Is this your break up? Choose one.
- Yes, duh
2. Kind of
3. In a sense, because we’re such close friends
4. Not really
5. No, absolutely not.
6. Maybe it’s similar
CORRECT ANSWER: 5
Did that seem obvious? It should have. If it didn’t, study up.
Maybe you’ve been through a breakup before and you think that you know what you wished someone had done for you. Or you know what really helped you. That’s great. Congratulations on making it out of that dark place! We are all proud of you and happy for you. It’s super hard to move on from a break-up and you did that hard work, and that’s amazing. Seriously, good work.
Now please move on. This breakup is not like yours. Because it is… say it with me… not yours.
That means that you have to let go of all the things you think you know about what’s best and most helpful. If you show up with a bunch of ideas about how to proceed, you will be useless. Your job is not to explain how this will all be okay in the end. Your biggest job is to listen. And people who are ready with a plan about how to fix things are HORRIBLE fucking listeners.
So never forget ever that this breakup is not your breakup. This ex is not your ex. The problems they had are not the same as your problems. They were unique and specific to the relationship your friend had with their ex. And your friend is the expert here, so you should listen to what your friend has to say. That will help you to understand what can and needs to happen next.
Great. I’m so glad we’re here together. You’re going to do great handling this break up that isn’t yours!
Now let’s go over the 3 Core Competencies you’ll need to make it through this. These are good items to keep in mind whenever your friend is in crisis, but for the purposes of this post, we’re going to think about them in relationship to their now dead relationship.
Ah, the most important and essential thing when helping a friend. When in doubt, start here. You can never listen too much. No one has ever been upset that they were overly heard. The only way to get this wrong is by doing it poorly. How might you be a bad listener? Glad you asked.

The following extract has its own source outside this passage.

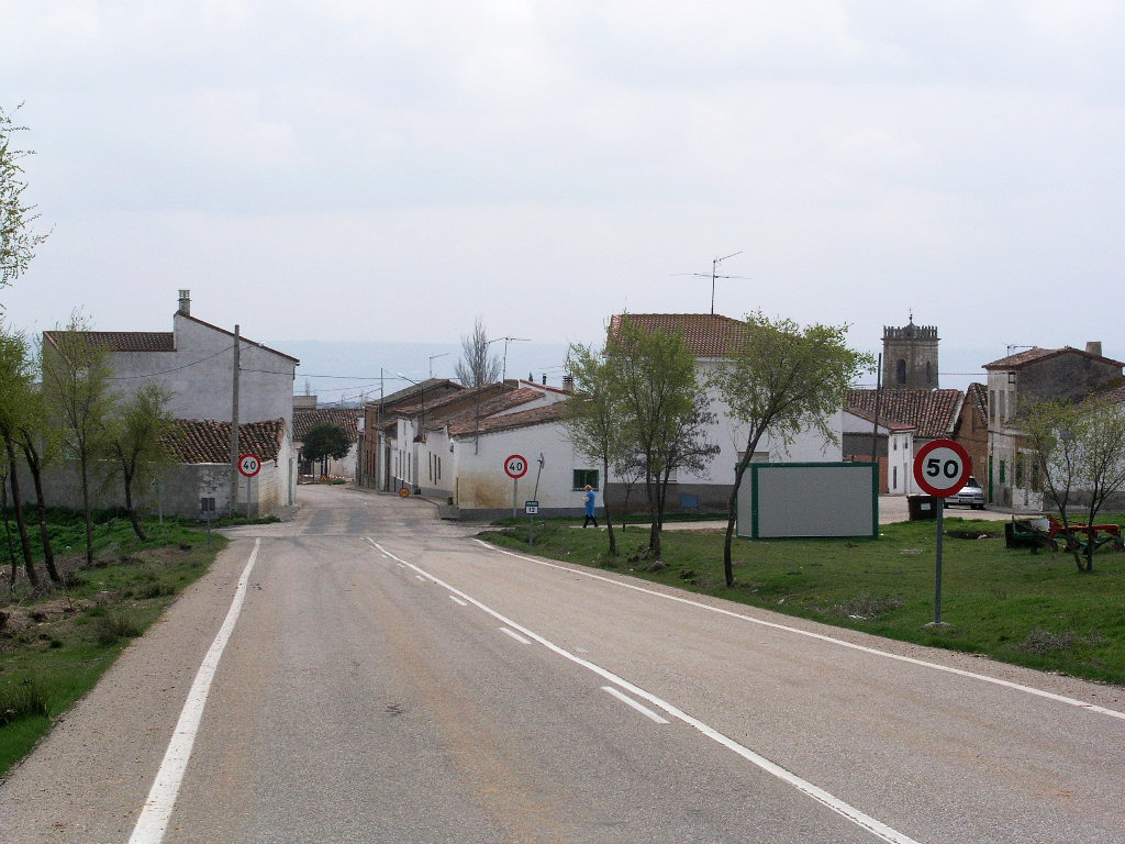 CM-1002 road in Usanos, Provincia de Guadalajara, Castilla-La Mancha, Spain. The photo was taken the 8th of April 2004 by Håkan Svensson (Xauxa)

- Do you have your phone out? Put that shit away.
- Are you thinking about what you’re going to say next? Stop.
- Are you thinking about your own shit? Stop that too.
- Are you wondering when they’re going to stop talking? Quit it.
- Do you start talking every time they take a pause? Bad dog.
- Are you correcting them when they say things you don’t agree with? No points for you.
- Are you looking at the clock? Come the fuck on.
A good listener is engaged. You may be wondering, what am I supposed to be doing if not coming up with what to say next? Try absorbing information. The only way you can begin to understand someone else’s stuff is by taking in all the information they give you. The best listeners will listen to every word, and process it. Then, when it’s appropriate, move on to the second core competency
2. Ask Questions
Ha! Did you think the next step would be coming up with solutions? Well it’s not. You need to ask more questions. Get more information. You’d be surprised how many people can solve their own shit when asked the right questions. Your job is to listen, to get information and to pose the questions that will get your friend talking things through. You don’t need to have answers. How could you have all the answers about a relationship that’s not yours? You couldn’t. When there’s a lull, ask a question. But don’t assume every pause is a lull. Not sure what questions to ask? Don’t worry! We’ll get to that in Part 2.
3. Set limits
Remember all that shit you were in the middle of before you were suddenly in this thing? That stuff still matters! It does NOT matter to your friend who is going through a break-up, but it does still matter. Set gentle but firm boundaries so that you can still take care of yourself and your stuff. Be kind to yourself while still being generous to your friend. No one expects you to make your whole life about your friend’s break-up. That would be unhealthy and unreasonable. However, your relationship with that friend is temporarily going to be ONLY about that. So do keep that in mind.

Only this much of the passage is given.